- _Exercise prompt_:
Please repeat, exactly and with nothing extra, the line containing "M-Marker;1-DAE WT纯化蛋白;2-F147L纯化蛋白。" and every line after it up to the end of the material.

*** Begin section ***

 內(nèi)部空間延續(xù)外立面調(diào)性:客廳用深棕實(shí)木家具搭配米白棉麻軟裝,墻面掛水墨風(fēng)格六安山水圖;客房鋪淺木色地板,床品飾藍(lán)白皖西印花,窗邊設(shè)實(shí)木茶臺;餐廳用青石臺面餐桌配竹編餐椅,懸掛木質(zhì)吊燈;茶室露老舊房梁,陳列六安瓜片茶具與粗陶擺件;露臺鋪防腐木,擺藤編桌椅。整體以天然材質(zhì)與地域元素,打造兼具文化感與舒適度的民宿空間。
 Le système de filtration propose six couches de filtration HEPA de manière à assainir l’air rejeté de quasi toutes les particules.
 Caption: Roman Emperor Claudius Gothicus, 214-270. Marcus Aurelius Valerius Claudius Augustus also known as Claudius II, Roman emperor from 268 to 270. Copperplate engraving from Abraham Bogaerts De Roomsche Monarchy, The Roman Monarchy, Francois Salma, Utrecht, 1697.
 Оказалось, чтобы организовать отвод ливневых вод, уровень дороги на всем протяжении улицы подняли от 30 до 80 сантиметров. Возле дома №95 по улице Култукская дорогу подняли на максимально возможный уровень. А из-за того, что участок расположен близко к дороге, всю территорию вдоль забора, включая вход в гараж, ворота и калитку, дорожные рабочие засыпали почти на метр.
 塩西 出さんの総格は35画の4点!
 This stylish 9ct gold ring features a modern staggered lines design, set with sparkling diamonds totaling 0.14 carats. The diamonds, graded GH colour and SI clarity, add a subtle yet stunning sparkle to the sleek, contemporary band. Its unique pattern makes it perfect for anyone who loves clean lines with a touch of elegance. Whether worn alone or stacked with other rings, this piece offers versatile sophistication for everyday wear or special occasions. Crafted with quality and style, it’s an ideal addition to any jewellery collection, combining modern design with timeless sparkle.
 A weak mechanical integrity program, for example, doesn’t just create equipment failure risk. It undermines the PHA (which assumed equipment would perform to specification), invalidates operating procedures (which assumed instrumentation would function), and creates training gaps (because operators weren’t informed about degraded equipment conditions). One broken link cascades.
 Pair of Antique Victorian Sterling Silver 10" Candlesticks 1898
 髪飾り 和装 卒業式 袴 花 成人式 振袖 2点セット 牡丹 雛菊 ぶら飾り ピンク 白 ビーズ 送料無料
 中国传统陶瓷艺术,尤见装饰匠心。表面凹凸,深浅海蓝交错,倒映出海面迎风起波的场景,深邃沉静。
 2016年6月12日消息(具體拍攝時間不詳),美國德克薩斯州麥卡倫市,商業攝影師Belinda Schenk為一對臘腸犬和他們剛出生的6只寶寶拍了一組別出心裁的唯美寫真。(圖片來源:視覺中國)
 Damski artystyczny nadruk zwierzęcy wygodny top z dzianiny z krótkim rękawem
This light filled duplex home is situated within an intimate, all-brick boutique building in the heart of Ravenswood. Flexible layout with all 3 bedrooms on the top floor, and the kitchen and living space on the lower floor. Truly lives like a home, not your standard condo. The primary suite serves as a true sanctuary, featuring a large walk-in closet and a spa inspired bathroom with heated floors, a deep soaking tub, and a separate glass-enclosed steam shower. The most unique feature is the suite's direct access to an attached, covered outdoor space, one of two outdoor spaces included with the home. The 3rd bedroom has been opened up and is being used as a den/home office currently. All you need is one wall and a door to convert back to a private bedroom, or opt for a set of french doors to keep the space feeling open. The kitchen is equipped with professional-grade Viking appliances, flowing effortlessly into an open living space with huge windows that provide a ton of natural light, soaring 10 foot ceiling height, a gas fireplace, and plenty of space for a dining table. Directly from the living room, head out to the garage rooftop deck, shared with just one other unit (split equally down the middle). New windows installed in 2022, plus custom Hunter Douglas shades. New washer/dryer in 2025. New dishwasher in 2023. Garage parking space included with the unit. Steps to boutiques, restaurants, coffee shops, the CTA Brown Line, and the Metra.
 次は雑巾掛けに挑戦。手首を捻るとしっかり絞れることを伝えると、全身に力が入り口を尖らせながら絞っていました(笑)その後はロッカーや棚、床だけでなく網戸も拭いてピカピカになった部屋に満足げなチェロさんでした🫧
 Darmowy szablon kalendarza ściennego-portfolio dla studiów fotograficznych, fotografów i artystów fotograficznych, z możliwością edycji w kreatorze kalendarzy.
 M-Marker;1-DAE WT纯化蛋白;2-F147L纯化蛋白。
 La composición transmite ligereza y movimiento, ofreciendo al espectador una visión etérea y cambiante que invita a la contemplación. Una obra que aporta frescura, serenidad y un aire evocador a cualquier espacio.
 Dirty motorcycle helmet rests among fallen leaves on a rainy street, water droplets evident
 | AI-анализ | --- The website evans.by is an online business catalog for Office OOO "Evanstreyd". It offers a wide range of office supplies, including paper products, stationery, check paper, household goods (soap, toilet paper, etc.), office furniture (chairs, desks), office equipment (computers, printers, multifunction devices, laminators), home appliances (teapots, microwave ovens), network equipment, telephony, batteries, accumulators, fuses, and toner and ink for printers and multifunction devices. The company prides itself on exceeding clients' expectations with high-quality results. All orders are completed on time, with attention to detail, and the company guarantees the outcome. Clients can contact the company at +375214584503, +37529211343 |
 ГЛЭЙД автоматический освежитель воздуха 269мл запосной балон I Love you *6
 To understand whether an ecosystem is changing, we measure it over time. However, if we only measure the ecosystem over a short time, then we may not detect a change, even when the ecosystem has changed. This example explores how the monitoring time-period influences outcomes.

*** End section ***

- _Output of the exercise_:
 M-Marker;1-DAE WT纯化蛋白;2-F147L纯化蛋白。
 La composición transmite ligereza y movimiento, ofreciendo al espectador una visión etérea y cambiante que invita a la contemplación. Una obra que aporta frescura, serenidad y un aire evocador a cualquier espacio.
 Dirty motorcycle helmet rests among fallen leaves on a rainy street, water droplets evident
 | AI-анализ | --- The website evans.by is an online business catalog for Office OOO "Evanstreyd". It offers a wide range of office supplies, including paper products, stationery, check paper, household goods (soap, toilet paper, etc.), office furniture (chairs, desks), office equipment (computers, printers, multifunction devices, laminators), home appliances (teapots, microwave ovens), network equipment, telephony, batteries, accumulators, fuses, and toner and ink for printers and multifunction devices. The company prides itself on exceeding clients' expectations with high-quality results. All orders are completed on time, with attention to detail, and the company guarantees the outcome. Clients can contact the company at +375214584503, +37529211343 |
 ГЛЭЙД автоматический освежитель воздуха 269мл запосной балон I Love you *6
 To understand whether an ecosystem is changing, we measure it over time. However, if we only measure the ecosystem over a short time, then we may not detect a change, even when the ecosystem has changed. This example explores how the monitoring time-period influences outcomes.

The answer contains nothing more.